Runaway Love

1

 ――ああ、初のラブホが、記憶無しって、どうよ……あたし……。

 ズキズキとする頭に、アホみたいな感想が浮かぶ。

 アラサー二十九歳、仕事もプライベートも、何事もなく平和。
 生きていければ、それでOKだったのに。

 杉崎(すぎさき)茉奈――生涯初の不覚。

 飛び出した後に周囲を見回し、自分がラブホと言われるだろう場所にいた事に気づき、慌ててダッシュ。
 そのまま交差する通りに出て、何となく記憶をたどった。

 見覚えのある大通りは――三年以上帰っていなかった、地元の国道だ。


 ――そして、昨日は、五歳下の妹――奈津美(なつみ)の、結婚式だった。


 トボトボ、と、歩道を歩き出す。
 今日は日曜。
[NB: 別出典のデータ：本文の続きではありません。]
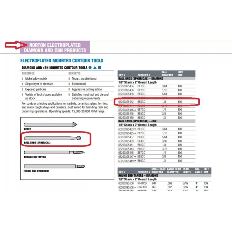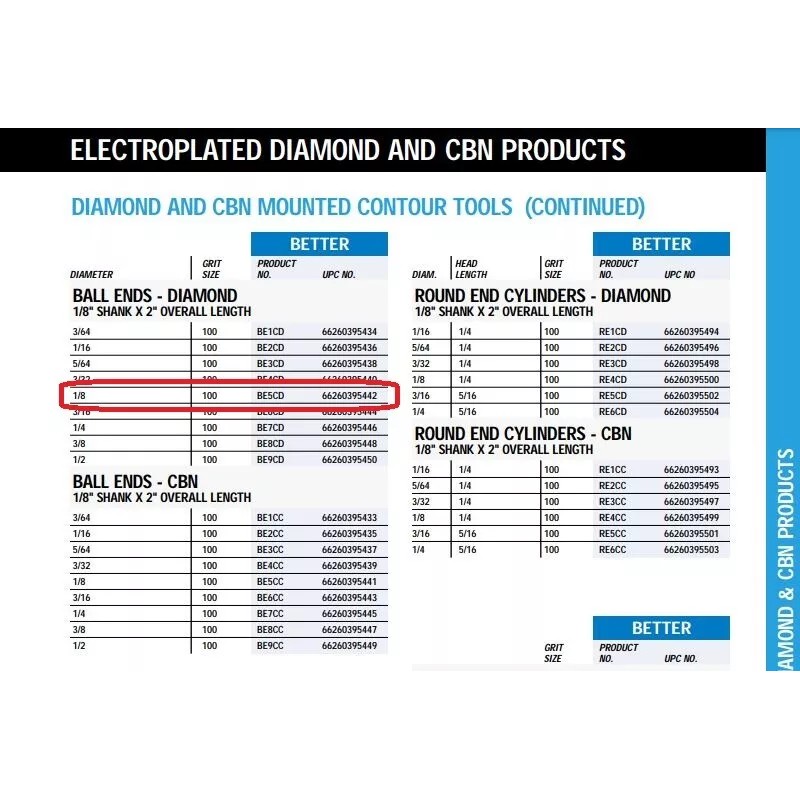Norton Amplex BE5CD 1/8" Ball Electroplated Diamond Contour Tool 100-Grit NEW!
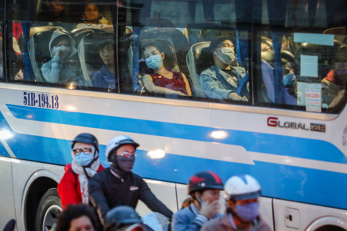 Đứng bên ngã tư đường Nguyễn Hữu Trí, anh Trần Hoàng Lâm bế con gái cùng vợ đợi người thân để về quê nghỉ lễ. "Tôi mới làm xong ca chiều nên giờ này, cả nhà cùng nhau về Trà Vinh cho khoẻ. Nếu đường không kẹt, chắc 21h là tới nhà thôi", anh nói.
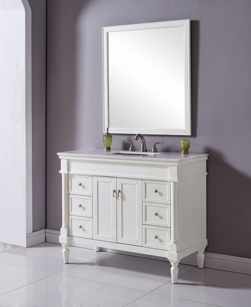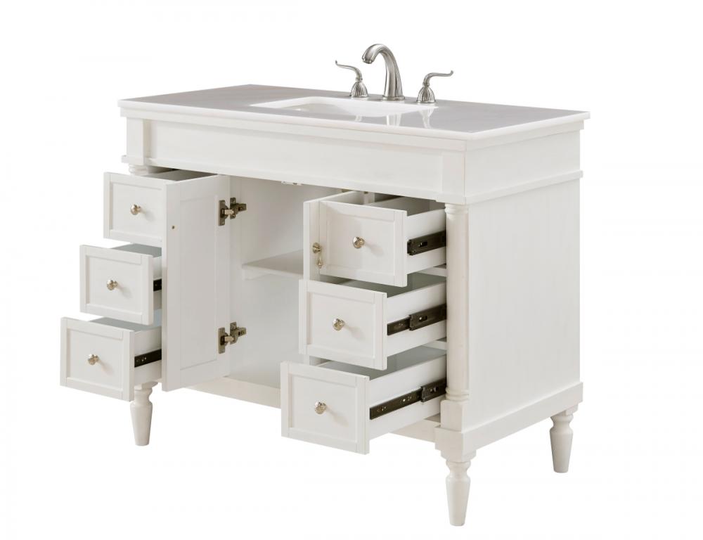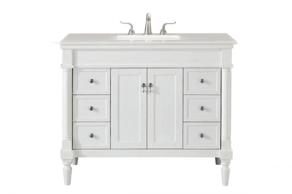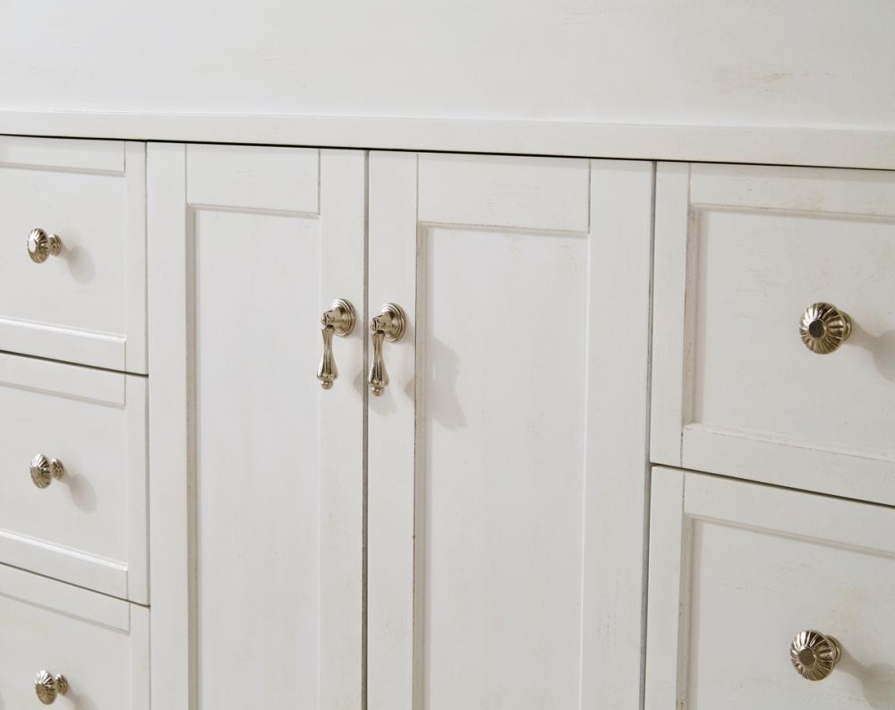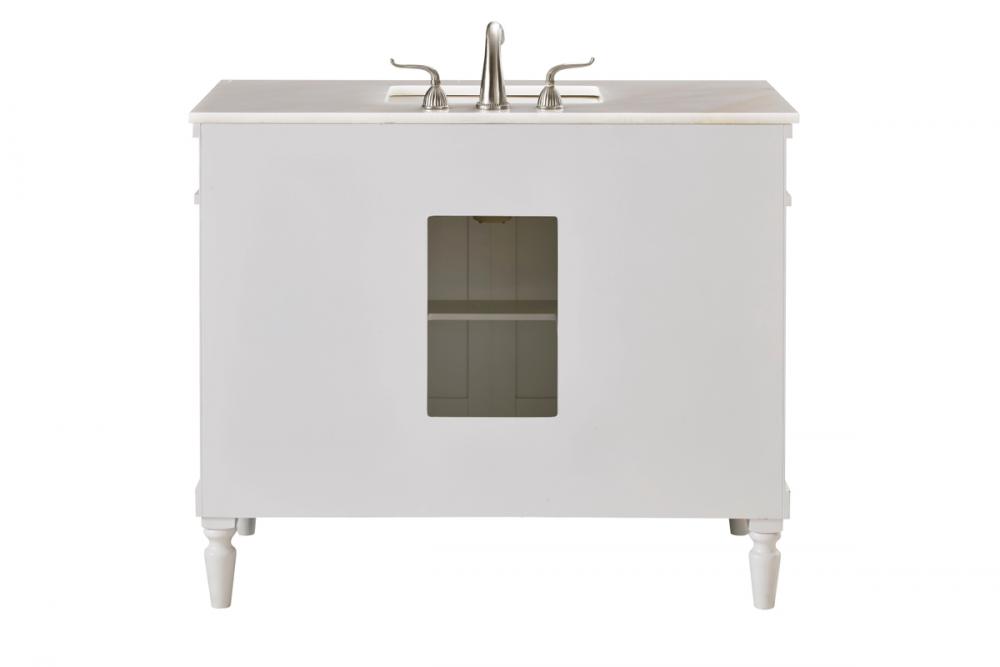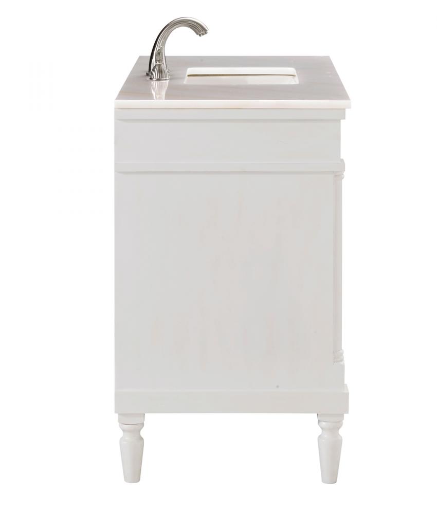 This traditionally styled, yet fashionably designed vanity can add distinction and grace to your home or office bathroom. Beautifully combining a lustrous natural white marble countertop with a large rectangular white porcelain under mount sink, and a hand painted antique white 2-door cabinet with a shelf inside, 3 full extension drawers on each side, brushed steel door pulls, standing on turned, tapering legs. You’ll enjoy its charming allure for many years to come. Measurements: W42” x D21” x H35”

朝から動き出す人間は、そんなにいないようで、平日ほど車通りは多くない。
 ここから実家までは、たぶん、車なら五分――でも、歩けば二十分はかかるくらいの距離だろう。
 けれど、頭を冷やすにはちょうど良いと思い、あたしはそのまま歩き続けた。

 ――……自分でも、記憶が無くなる程に飲んだ覚えは無いんだけどな……。

 その上、誰かわからないようなヤツと――……。

 そこまで考えて、あたしは我に返った。


 ――……え。

 ――……あれ……。


 ――……あたし、もしかしなくても、ヤッちゃった……!!??


 一瞬で真っ青だ。
 何て事。
 真面目くらいしか取り柄が無い――……可愛くて明るい妹とは正反対のあたしが……?

 ――酔いに任せて……!!?

 その事実に、ひたすらうちのめされる。

 別に、処女に未練があった訳でも、好きな男がいた訳でもない。
 でも――……。

「せめて……記憶は残ってほしかったわ……」

 そうつぶやくと、あたしは、再び歩き出す。
 とにもかくにも、周りにバレなきゃいいんだ。

 ――……まあ、会社でも、家でも、あたしが何しようと気にされる事もないから、心配無いか。

 あたしは、そんな事を考えながら橋を渡り、昔よく歩いた県道にたどり着いた。
 見慣れた片道一車線の道路の歩道を、五分ほど歩くと、地元の中小企業が集まるエリアの中、こじんまりとした食堂兼飲み屋が見える。

 ――”食事処 すぎや”

 母親が一人、八年間切り盛りしている、十人入れば満員のような店。
 あたしは、そこの脇から奥に入り、久しぶりの実家を見上げた。
 記憶の中と、ほとんど変わりない、何の変哲も無い一戸建て。
 ほんの少しの懐かしさを感じつつ、あたしは、実家の鍵を出そうとして、固まった。

 ――……アレ……??

 一瞬で、血の気が引いた。
 あたしは、持っていたカバンの中身を漁る。
 財布や、ハンカチ、ティッシュなどの細々したものはあるのに――スマホもキーケースも無い。
 致命傷とも言える紛失物に、息ができない。

 ――うそっ……!!

 すると、真っ青になっているあたしの目の前の扉が、突然開き、思わずぶつかりそうになってしまった。

「物音がすると思ったら――何やってんのよ、アンタは」

「――……母さん」

 眉を寄せながら、あたしを見ているのは、実の母親だ。
 昨日は、妹の花嫁姿に感動してボロボロ泣いていたせいか、まだ目は腫れぼったい。
「ど、どうしよう!家の鍵……」
「ああ、奈津美から電話あったわよ。アンタ、照行(てるゆき)くんのお友達に感謝しないさいよ」
「……は?」
「拾ったって、電話があったって。スマホと鍵入れ。……まったく、アンタ、一つならまだしも、何で二つも貴重品落としてくるんだろうねぇ」
「……え、拾……?」
「昔から、真面目だけが取り柄なのに、どこかヌケてるんだから」
 あきれたように言う母親の後ろ姿に、あたしは、違和感しかなかった。